• [TASK REQUIREMENTS]:
Copy the entries below exactly. Images do not belong in the copy.

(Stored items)
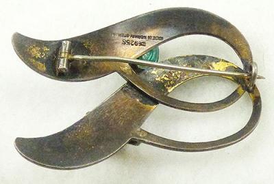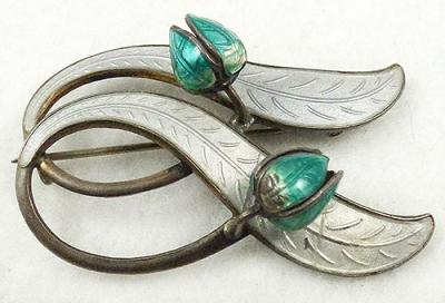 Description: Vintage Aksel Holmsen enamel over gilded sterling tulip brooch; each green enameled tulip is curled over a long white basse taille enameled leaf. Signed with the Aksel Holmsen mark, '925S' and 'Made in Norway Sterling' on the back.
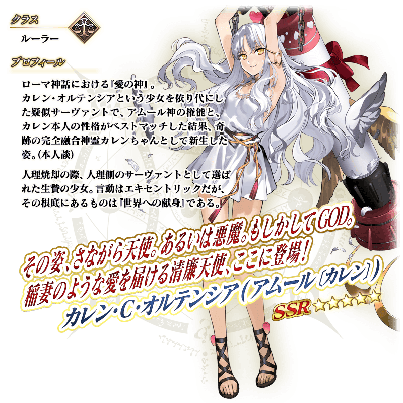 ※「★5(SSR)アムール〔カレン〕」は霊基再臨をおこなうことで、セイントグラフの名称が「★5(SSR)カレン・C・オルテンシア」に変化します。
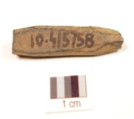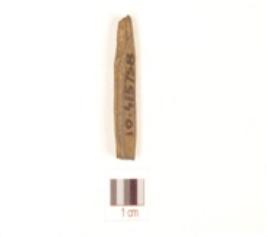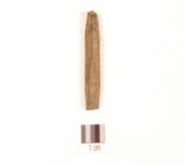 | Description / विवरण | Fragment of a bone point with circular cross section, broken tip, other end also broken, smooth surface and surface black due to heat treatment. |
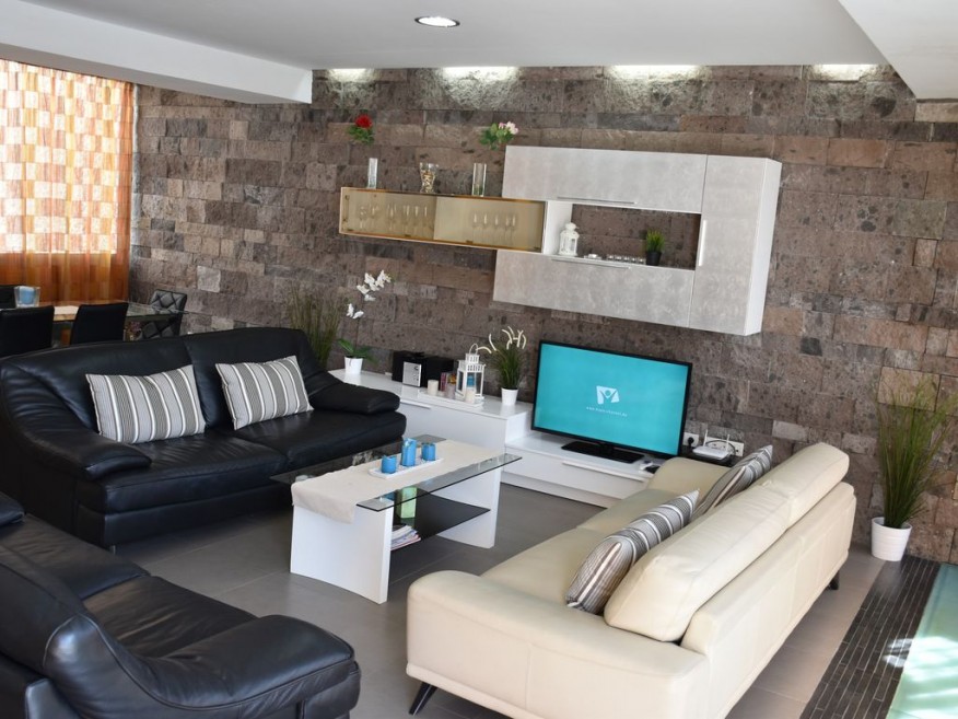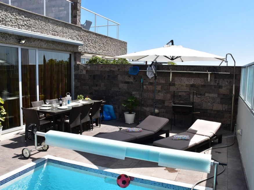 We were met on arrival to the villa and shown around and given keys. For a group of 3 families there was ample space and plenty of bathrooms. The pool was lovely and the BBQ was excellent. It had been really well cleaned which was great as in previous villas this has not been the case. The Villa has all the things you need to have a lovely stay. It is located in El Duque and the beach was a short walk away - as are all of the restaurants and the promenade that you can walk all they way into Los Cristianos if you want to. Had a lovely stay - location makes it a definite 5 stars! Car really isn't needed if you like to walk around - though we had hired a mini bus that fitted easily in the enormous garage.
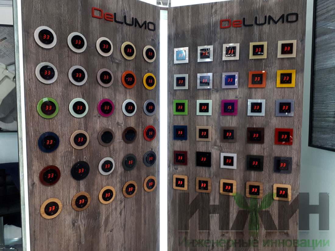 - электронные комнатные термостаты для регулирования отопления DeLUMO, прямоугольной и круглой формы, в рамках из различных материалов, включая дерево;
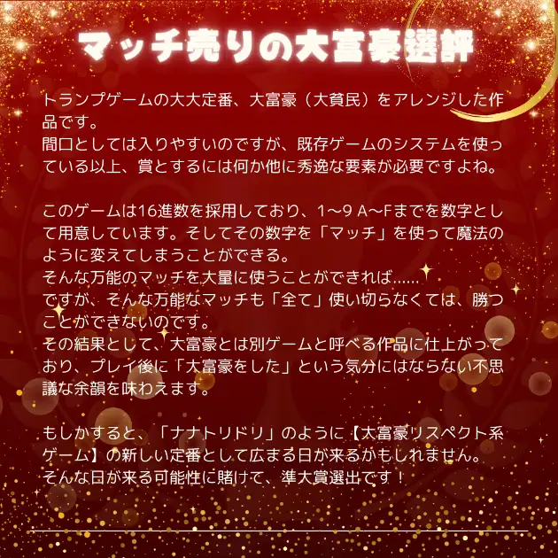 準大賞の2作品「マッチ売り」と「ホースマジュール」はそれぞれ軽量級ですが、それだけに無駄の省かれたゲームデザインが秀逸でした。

• [RESULT BELOW]:
 Description: Vintage Aksel Holmsen enamel over gilded sterling tulip brooch; each green enameled tulip is curled over a long white basse taille enameled leaf. Signed with the Aksel Holmsen mark, '925S' and 'Made in Norway Sterling' on the back.
 ※「★5(SSR)アムール〔カレン〕」は霊基再臨をおこなうことで、セイントグラフの名称が「★5(SSR)カレン・C・オルテンシア」に変化します。
 | Description / विवरण | Fragment of a bone point with circular cross section, broken tip, other end also broken, smooth surface and surface black due to heat treatment. |
 We were met on arrival to the villa and shown around and given keys. For a group of 3 families there was ample space and plenty of bathrooms. The pool was lovely and the BBQ was excellent. It had been really well cleaned which was great as in previous villas this has not been the case. The Villa has all the things you need to have a lovely stay. It is located in El Duque and the beach was a short walk away - as are all of the restaurants and the promenade that you can walk all they way into Los Cristianos if you want to. Had a lovely stay - location makes it a definite 5 stars! Car really isn't needed if you like to walk around - though we had hired a mini bus that fitted easily in the enormous garage.
 - электронные комнатные термостаты для регулирования отопления DeLUMO, прямоугольной и круглой формы, в рамках из различных материалов, включая дерево;
 準大賞の2作品「マッチ売り」と「ホースマジュール」はそれぞれ軽量級ですが、それだけに無駄の省かれたゲームデザインが秀逸でした。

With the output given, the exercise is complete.